Hannah R.W.,Hatfield Marine Science Center
Fisheries Oceanography | Year: 2011
In this analysis, an atypical northward shift in the distribution of age-1 ocean shrimp (Pandalus jordani) recruits off Oregon in 2000 and 2002-2004 was linked to anomolously strong coastal upwelling winds off southern Oregon (42°N latitude) in April-July of the year of larval release (t-1). This is the first clear evidence that strong upwelling winds can depress local recruitment of ocean shrimp. Regression analysis confirmed a long-term negative correlation between loge of ocean shrimp recruitment and April sea level height (SLH) at Crescent City, California, in the year of larval release, for both northern and southern Oregon waters. The regional pattern of ocean shrimp catches and seasonal upwelling winds showed that, although the timing of the spring transition as reflected in April SLH drives ocean shrimp recruitment success off Oregon generally, the strength and consistency of spring upwelling limits the distribution of large concentrations of ocean shrimp at the southern end of the northern California/Oregon/Washington area.
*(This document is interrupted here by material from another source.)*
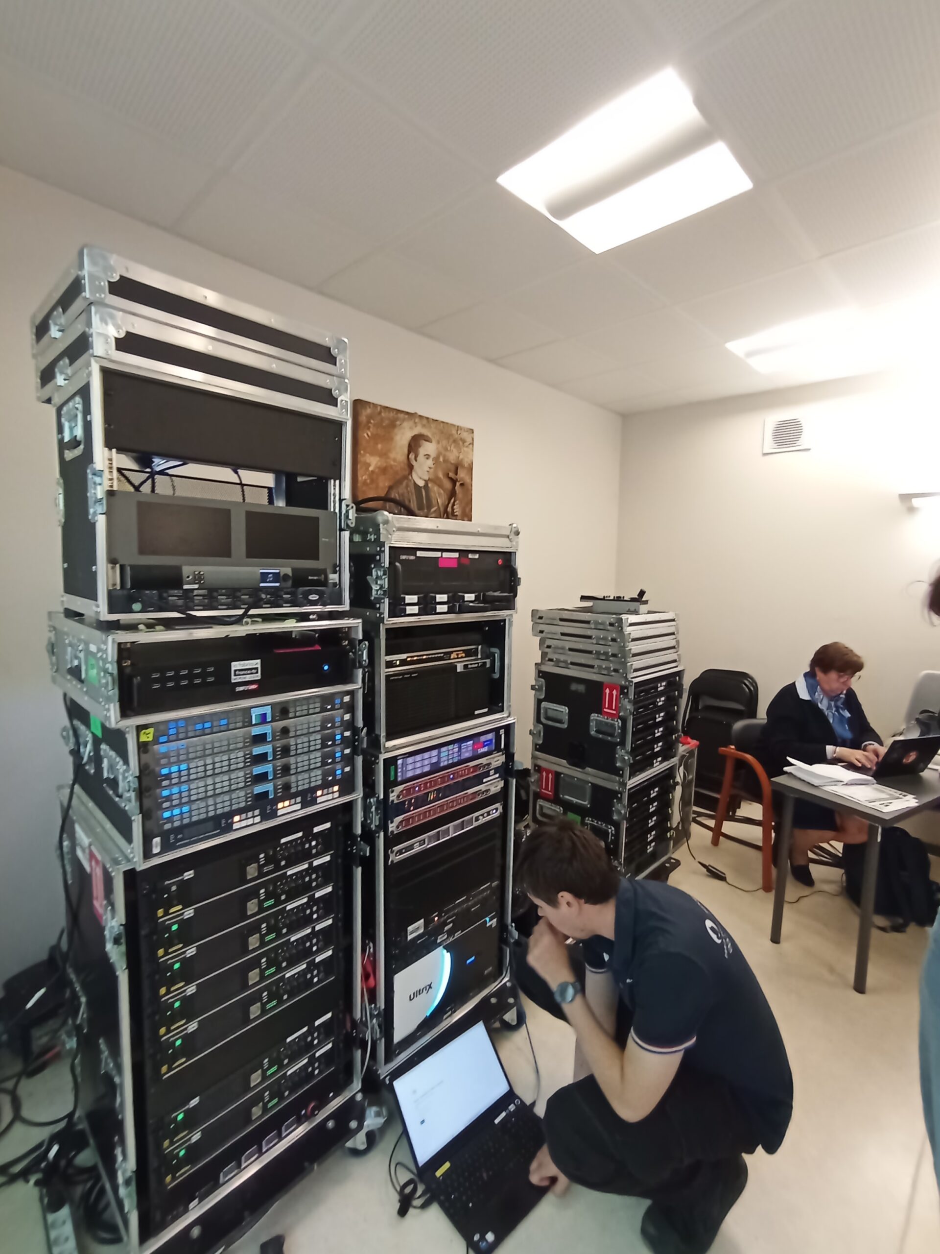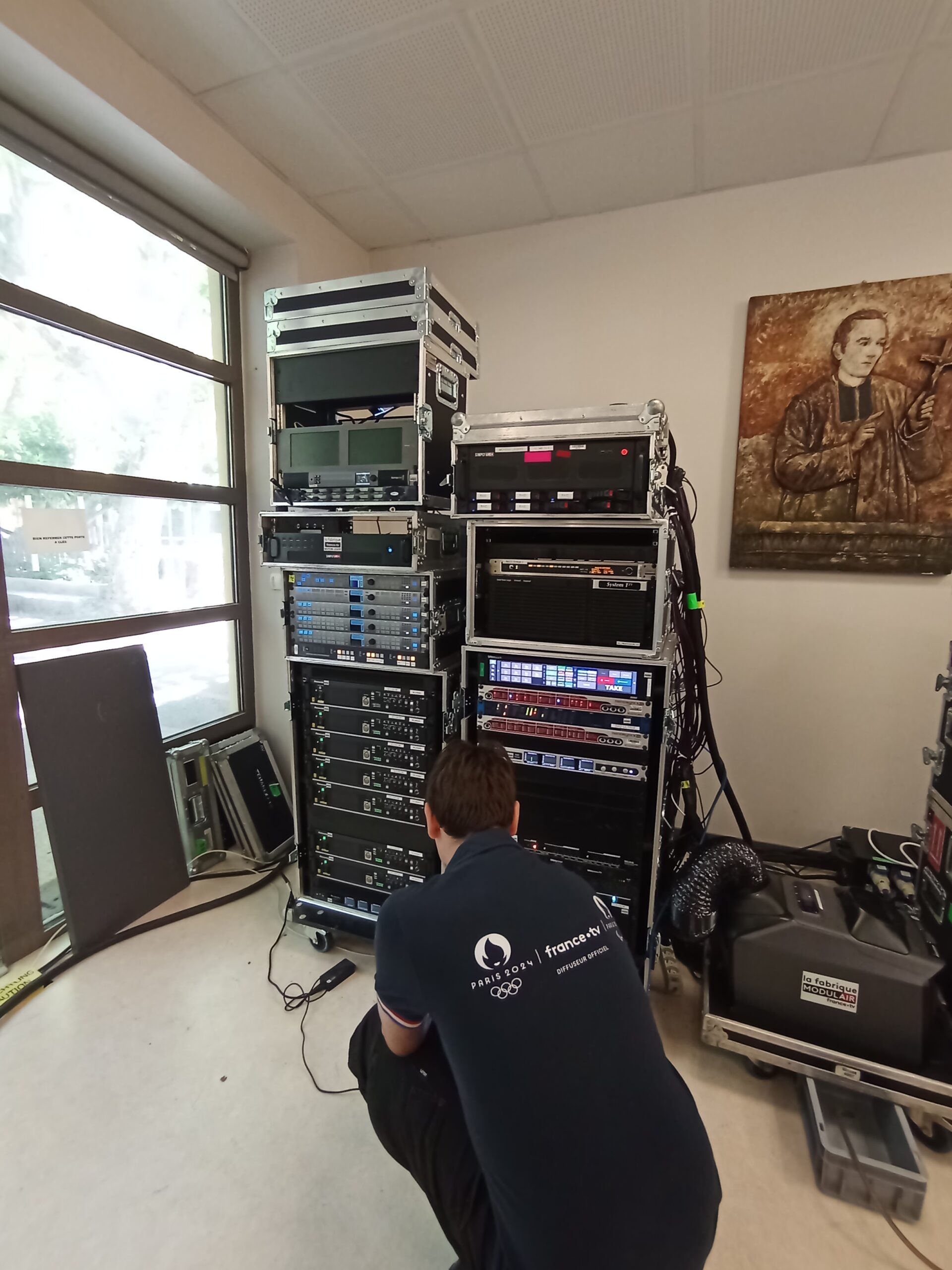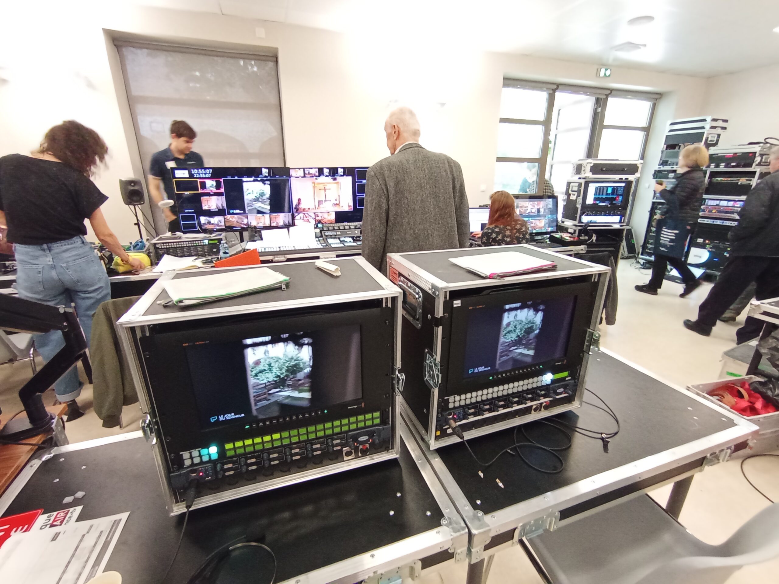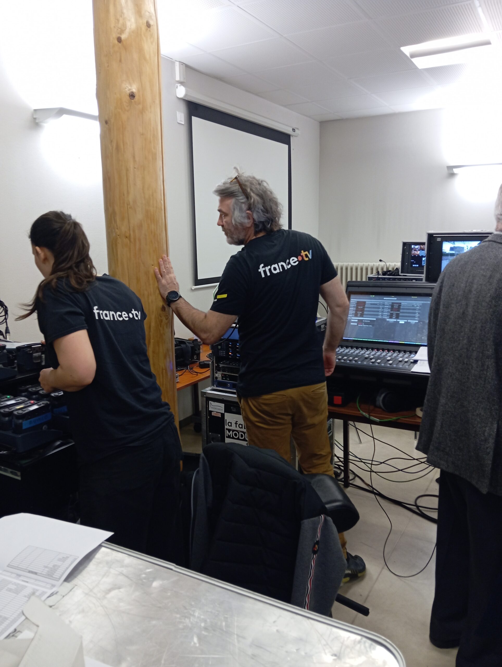 La visite a permis de prendre la mesure des moyens mobilisés pour une telle diffusion. Deux camions dédiés à l’énergie, un camion satellite pour la transmission en direct, ainsi qu’une régie mobile entièrement démontable (« flight ») sont installés sur place dès le vendredi matin.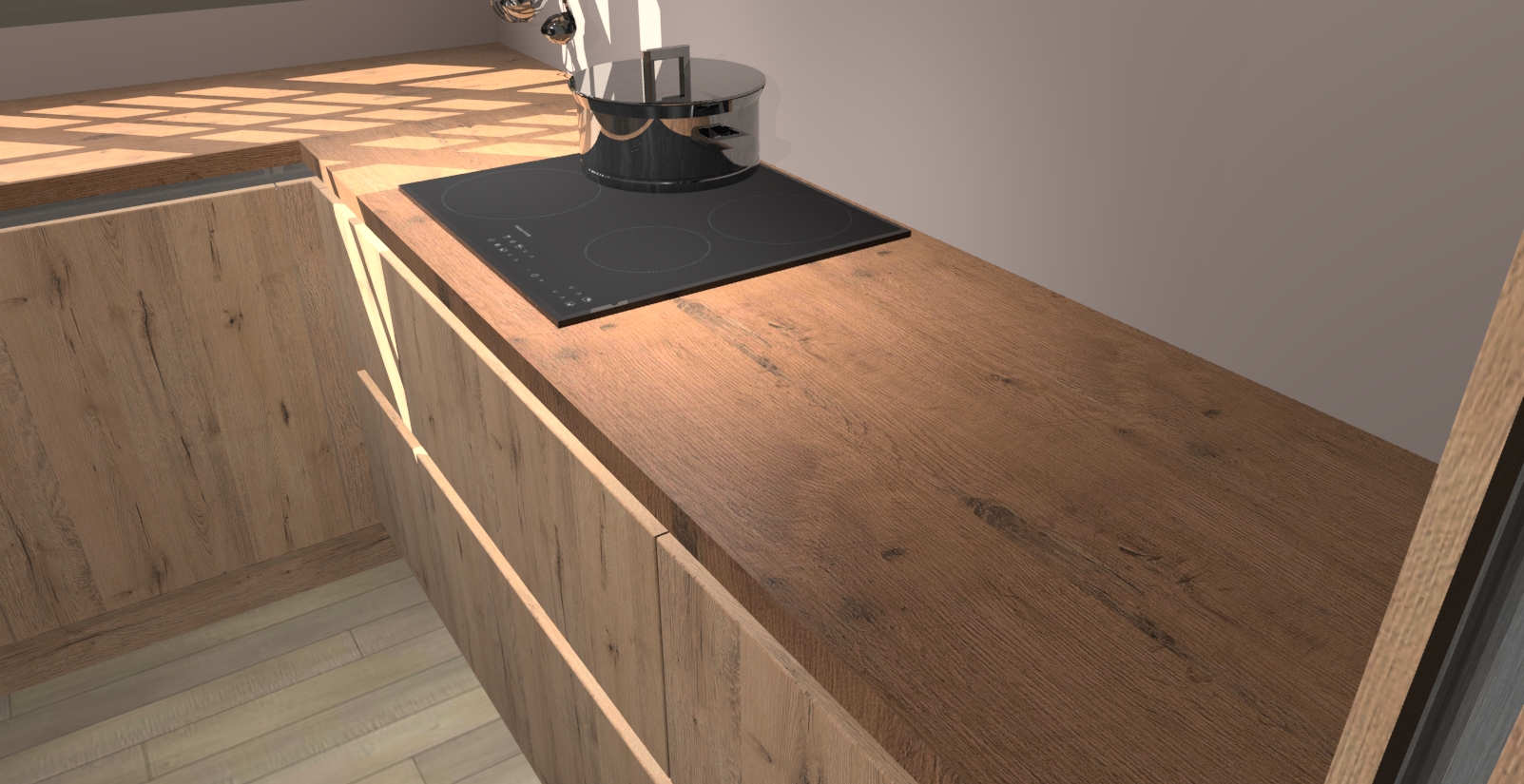 - Bij een hoekwerkblad zijn de hoeken in gevreesd en op maat gemaakt

A northward shift in 1999 and 2001-03 in the northern edge of this 'zone of maximum upwelling' is the likely cause of the weak southern Oregon recruitment and resulting atypical distribution of ocean shrimp observed off Oregon in 2000 and 2002-04, with a return to a more typical catch distribution as spring upwelling moderated in subsequent years. It is noted that a northward shift in the conditions that produce strong and steady spring upwelling winds is consistent with many predictions of global climate models under conditions of global warming. © 2011 Blackwell Publishing Ltd.